I may talk on the cell phone while strolling around Safeway, but I hang up or tell the person to hold on the moment I get up to that counter. Despite the urgency I feel to continue a conversation about whether or not Nicole Ritchie is “too thin” or if Suri Cruise really is an alien, I can sacrifice for the two minutes it takes to ring up my Mac n’ Cheese and cherry cola. I don’t know, I’ve just always thought people who don’t hang up the phone are rude. And as a former fry flinger (from back in the day when beepers were all the rage), it tickles my heart to hear that somebody is stepping up for the little guy. (Now, if we could only get the swerving land whale SUV drivers to do the same, I might go so far as to say courtesy is making a comeback in our country—but that’s a different rant.)

The point is. Somebody’s getting the message. When you take your customers seriously, they take you seriously, and they appreciate it. The aforementioned article noted that some people complained, but it was about 1 complaint for every 600 “thank you’s.” According to a 2006 survey by the Pew Internet & American Life Project, the Associated Press and AOL, 82 percent of all Americans and 86 percent of cell phone users were irritated by loud, annoying cell conversations in public. THE PEOPLE HAVE SPOKEN!

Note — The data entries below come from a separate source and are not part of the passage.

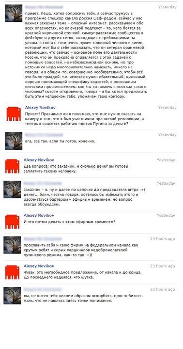 Креативный директор Escape Digital Marketing Group (Киев) Алексей Новиков опубликовал свою переписку в Facebook с человеком, представившимся шеф-редактором программы «Специальный корреспондент» на канале Россия 1.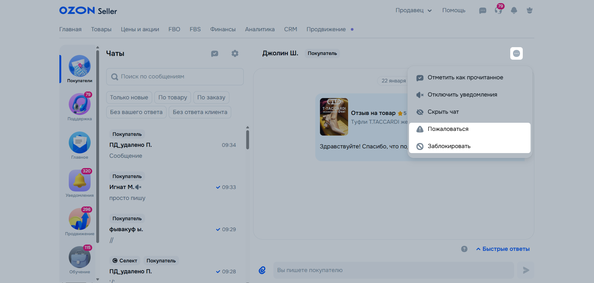 Если покупатель ведёт себя агрессивно, рассылает спам или пытается обмануть, вы можете пожаловаться или заблокировать пользователя в чате.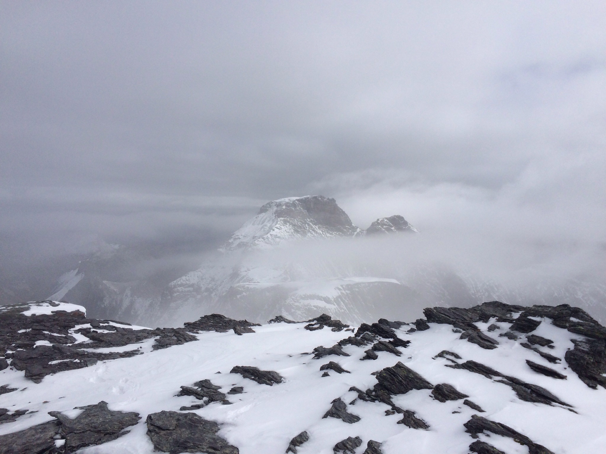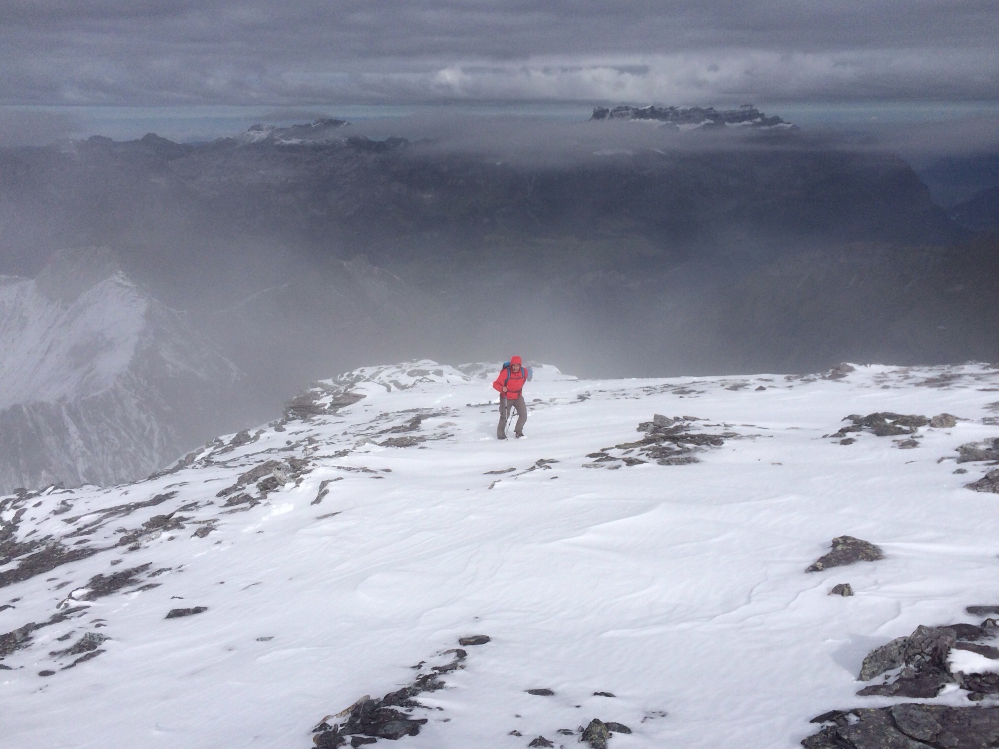 Die Bise bläst erbarmungslos. Kappe und Handschuhe sind ein Segen – gleichzeitig sehen wir über dem Mittelland die Sonne scheinen! Die letzten Höhenmeter über den langen Grat sind geschafft, wir sind froh, zumindest diesen einen Gipfel erreicht zu haben. Derweilen verschwindet der Hausstock in den Wolken. Ich erkläre meinen Bergfreunden, was man hier oben alles sehen würde… Immerhin sehen wir gut auf die monumentale Baustelle hinunter.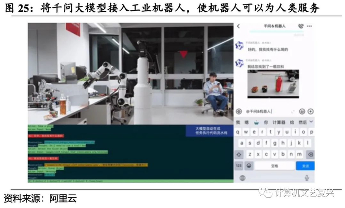 阿里采用和微软相似的路径,正在实验将千问大模型接入工业机器人。在近日举行的第六届数字中国建设峰会上,阿里云发布一个演示视频中展示了千问大模型的实际应用场景。其中,千问大模型接入了工业机器人,工程师通过钉钉对话框向机器人发出指令后,千问大模型在后台自动编写了一组代码发给机器人,机器人开始识别周边环境,从附近的桌上找到一瓶水,并自动完成移动、抓取、配送等一系列动作,递送给工程师。在钉钉对话框输入一句人类语言即可指挥机器人工作,这将为工业机器人的开发和应用带来革命性的变化,其背后意味着大模型为工业机器人的开发打开了新的大门。因为千问等大模型为机器人提供了推理决策的能力,从而有望让机器人的灵活性和智能性大幅提升。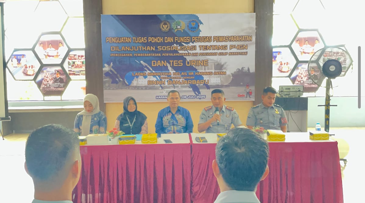 Lembaga Pemasyarakatan (Lapas) Narkotika Kelas IIA Karang Intan menggelar kegiatan Penguatan Tugas Pokok dan Fungsi (Tusi) Petugas Pemasyarakatan yang dirangkai dengan Sosialisasi Pencegahan, Pemberantasan, Penyalahgunaan dan Peredaran Gelap Narkotika (P4GN), Selasa (8/7).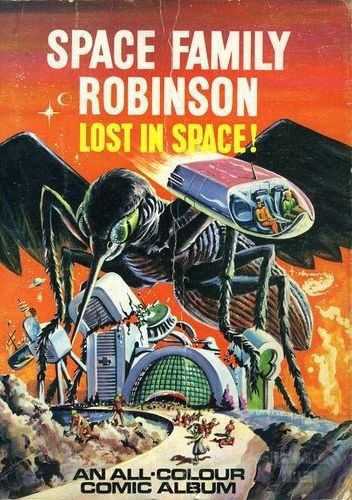 Originale di copertina per il comic book britannico "Space Family Robinson: Lost in Space", edito dalla World Distributors nel 1965. Howarth è considerato tra i più importanti copertinisti britannici dei comic book dell'epoca, gli furono affidati titoli quali: Doctor Who, The Avengers, Tarzan, Bewitched, Danger Man, James Bond e molti altri. Pieghe agli angoli.

So in honor of the people speaking, when you think about customer service, think this: “What do our customers really want?” “What would make our customers happy?” And not just the loud, fickle, bully customers whose opinions you’d already know even if they weren’t constantly telling you how to better run your business, but the dedicated customers, too. The ones who’ve stuck with your business through the toughest growing pains, the ones who’ve stayed because they like what you’ve got. Building business is about finding new customers, but it’s also about keeping the loyal customers you’ve got.